30th Sunday in Ordinary Time, Luke 18:9-4
I tell you, the latter went home justified, not the former; for whoever exalts himself will be humbled, and the one who humbles himself will be exalted.
While there are many lessons to be learned from the parable of the proud Pharisee and the humble tax collector, St. Augustine offers an insight regarding prayer that we might not immediately perceive. First, consider the parable itself.
The Pharisee, who had lived a righteous life, came to the Temple to give thanks to God. We easily recognize his error in despising others – he considers himself to be holier than all others, his great sin is pride. The humble tax collector, on the other hand, came to the Temple to implore the mercy of God – and he went home justified.
St. Augustine sees, in this parable, a central truth about prayer – “The fault of the Pharisee is not that he gave God thanks, but that he asked for nothing further” (cf. St. Thomas’ Catena Aurea). The tax collector prayed well because he asked for mercy and grace, while the Pharisee prayed poorly because he did not ask for anything. Here we learn that prayer cannot be merely praise and thanksgiving; for, while we are on earth, all true prayer involves petition.

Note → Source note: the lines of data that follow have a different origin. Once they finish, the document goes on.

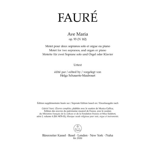 Numerous gems such as the “Cantique de Jean Racine” or the “Messe basse” are published in performing editions based on the musical text of the “Gabriel Fauré – Œuvres complètes”.
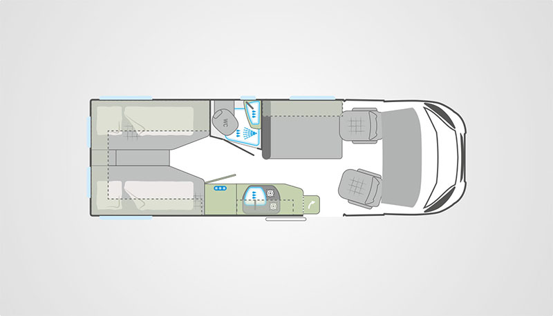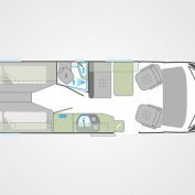 Ahogy a többi CaraBusban, itt is kényelmes étkezősarokká alakítható ki a vezető fülke üléseivel. A konyha fiókjaiban pedig bőséges hely áll rendelkezésre az utazáshoz. Az elrendezés olyan pazar, hogy az utazás puszta öröm!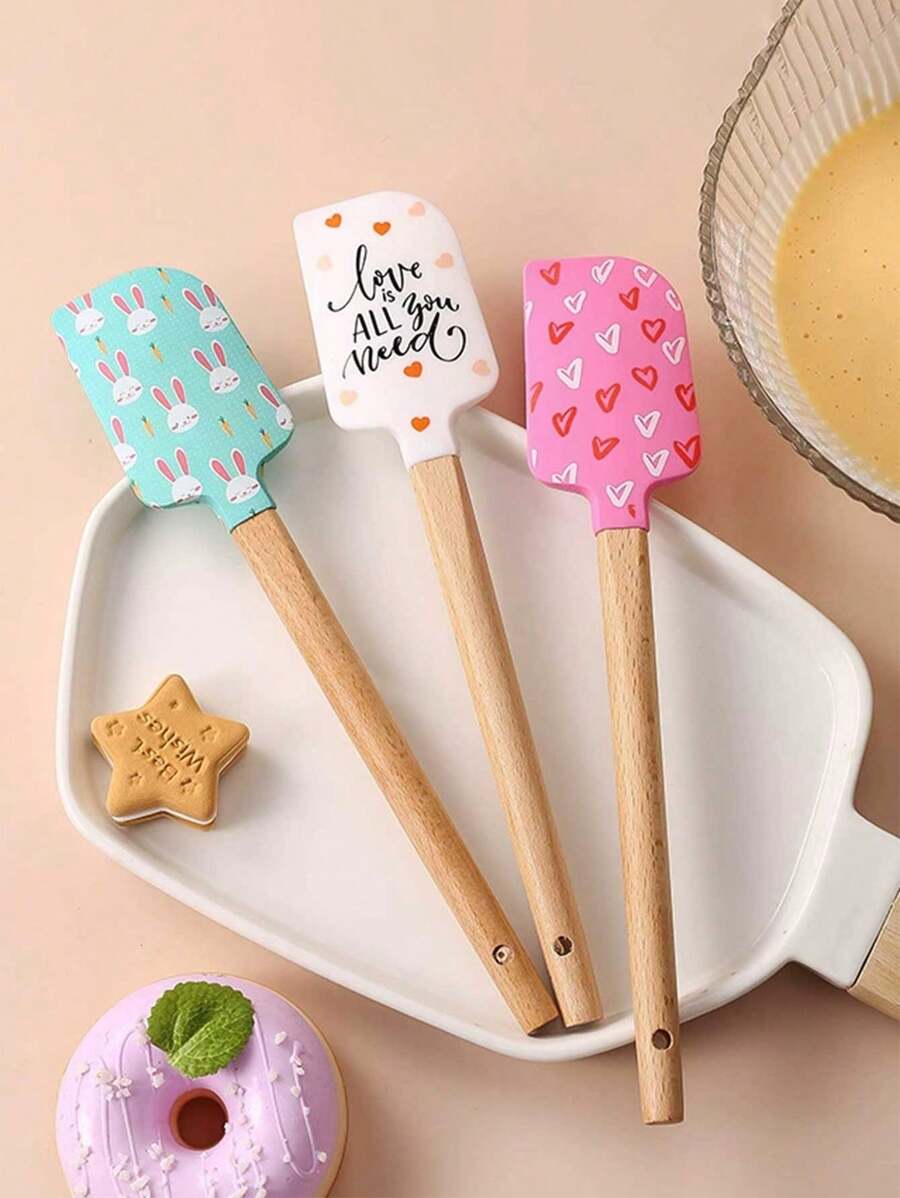 SHEIN ملعقة خلط سيليكون خشب مقاومة للحرارة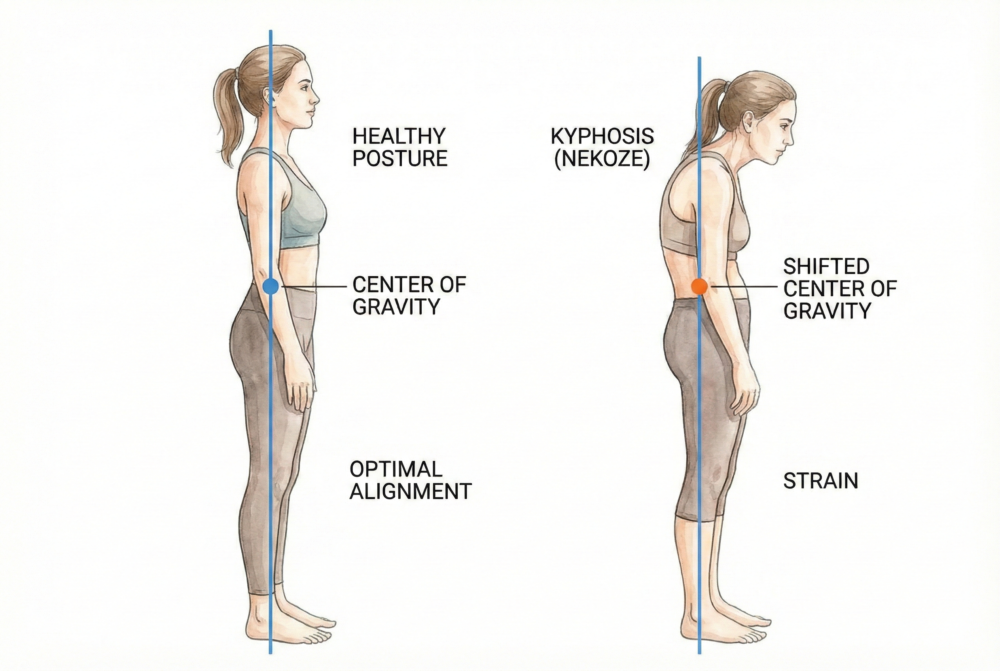 人の体には、楽に動ける「重心の定位置」があります。 しかし、股関節に痛みがある方の多くは、痛みをかばうあまり「猫背」になり、重心が「かかと寄り(後ろ側)」に崩れてしまっています。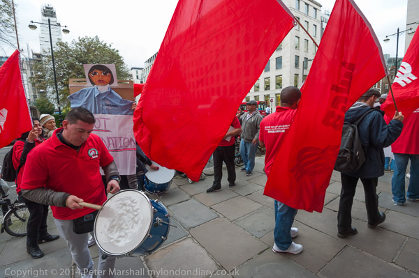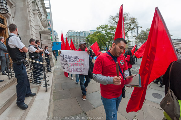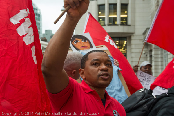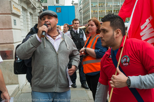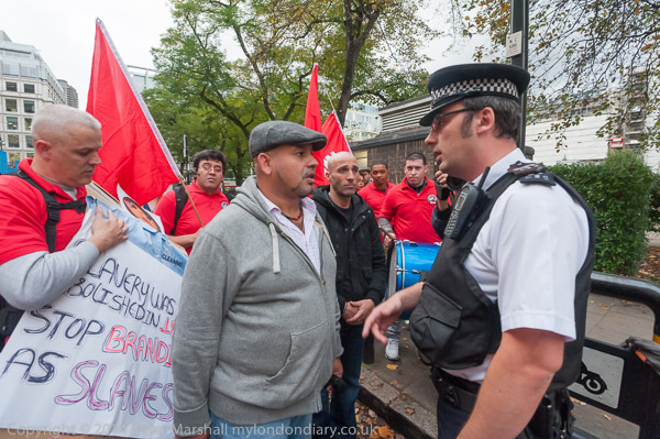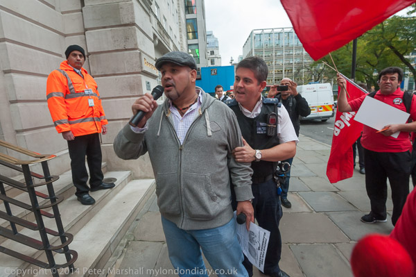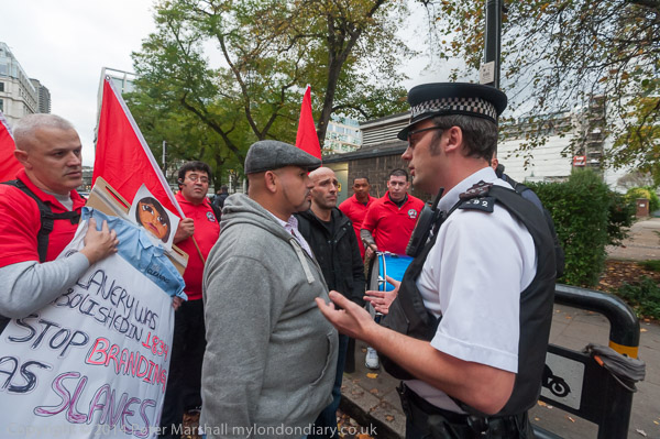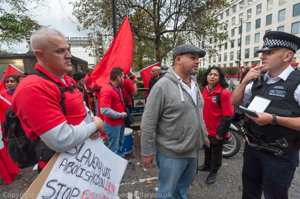 A police officer tries to get the IWGB to talk with managers, and thus avoid further protests

The prayer of petition is necessary for salvation
St. Alphonsus Ligouri, in The Great Means of Salvation and Perfection, tells us that the prayer of petition is what is most necessary in all prayer. More than anything else, the Doctor of Morals tells us, prayer is meant to be the petitioning of graces (and especially the great grace of final perseverance). However, if we admit the centrality of the prayer of petition, it is yet difficult to see the relation of meditation (and the other aspects of prayer) to the prayer of petition.
St. Alphonsus insists upon the necessity of the prayer of petition for salvation. Unless we ask God for salvation in prayer, we cannot be saved – this is the doctrine of St. Thomas, as explained in a post on October 20th. It is because of its close tie with salvation that the prayer of petition is of such great importance. However, St. Alphonsus tells us that we will petition properly unless we meditate on the mysteries of our salvation and adore God’s glory. Without daily meditation on the life, death and resurrection of Christ (and the other elements of salvation history), we will never have the courage to approach God in the prayer of petition. Meditating upon God’s Love, which is revealed to us in Christ Jesus, we are compelled to ask for the gift of salvation with greater zeal, confidence, and humility.
How to make a mediation
St. Alphonsus Liguori offers a good outline for a period of meditation (which could range anywhere from 20 minutes to an hour or more). The basic structure of Alphonsus’ method is common to nearly every spiritual tradition, though the particular emphasis on the petitioning of graces is particular to his thought.
Introduction (only one or two minutes) – The period of prayer begins with the recognition of the presence of God. He is present both in the place in which you are praying (most especially, if you are able to pray before the Eucharist), but he is also present in your soul through a special mode by grace. Adore the Lord, as you enter more fully into his presence.
Then, declare the purity of your intention – that you intend to pray well during this period of meditation. To this end, petition the Lord for the supernatural light necessary to illumine your intellect in order to contemplate the divine mysteries. Finally, offer a few short prayers to Our Lady, St. Joseph, St. Michael, your guardian angel, and all your patron saints.
The body of the prayer (20 to 50 minutes) – Here you enter into the meditation. This can be the Rosary, lectio divina, imaginative Ignation prayer, or any other method of the Catholic spiritual tradition. The key, for Alphonsus, is that you focus especially on the Love of God which is revealed to you through the meditation. Movements of love are more important than progress in intellectual understanding. Offer God prayers of thanksgiving and adoration.
Conclusion – For St. Alphonsus, this is the most important part of the prayer. It is here that you are to ask the Lord for further blessings and graces – especially for the grace of salvation and all those things necessary for your salvation. Having meditated on the Love of God, you are more convinced of his mercy and care for you; moreover, seeing his greatness, you recognize your lowliness and your need for his grace.
Though this portion of the prayer may not take much time, it is still the most important and necessary aspect of the period of meditation. In simple and heartfelt words, you petition God for the gift of final perseverance, for the graces necessary to persevere in prayer through your whole life, and for the graces which help you to remain in the state of grace from now until your next period of meditation. Moreover, you ought to ask God for all else that you desire – he will not deny the soul who perseveres in prayer, especially when she is filled with great love through meditation!
In this manner, through our commitment to the prayer of petition, we imitate the tax collector, who went home justified – for God always hears and answers the prayers of those who call upon him in love and humility.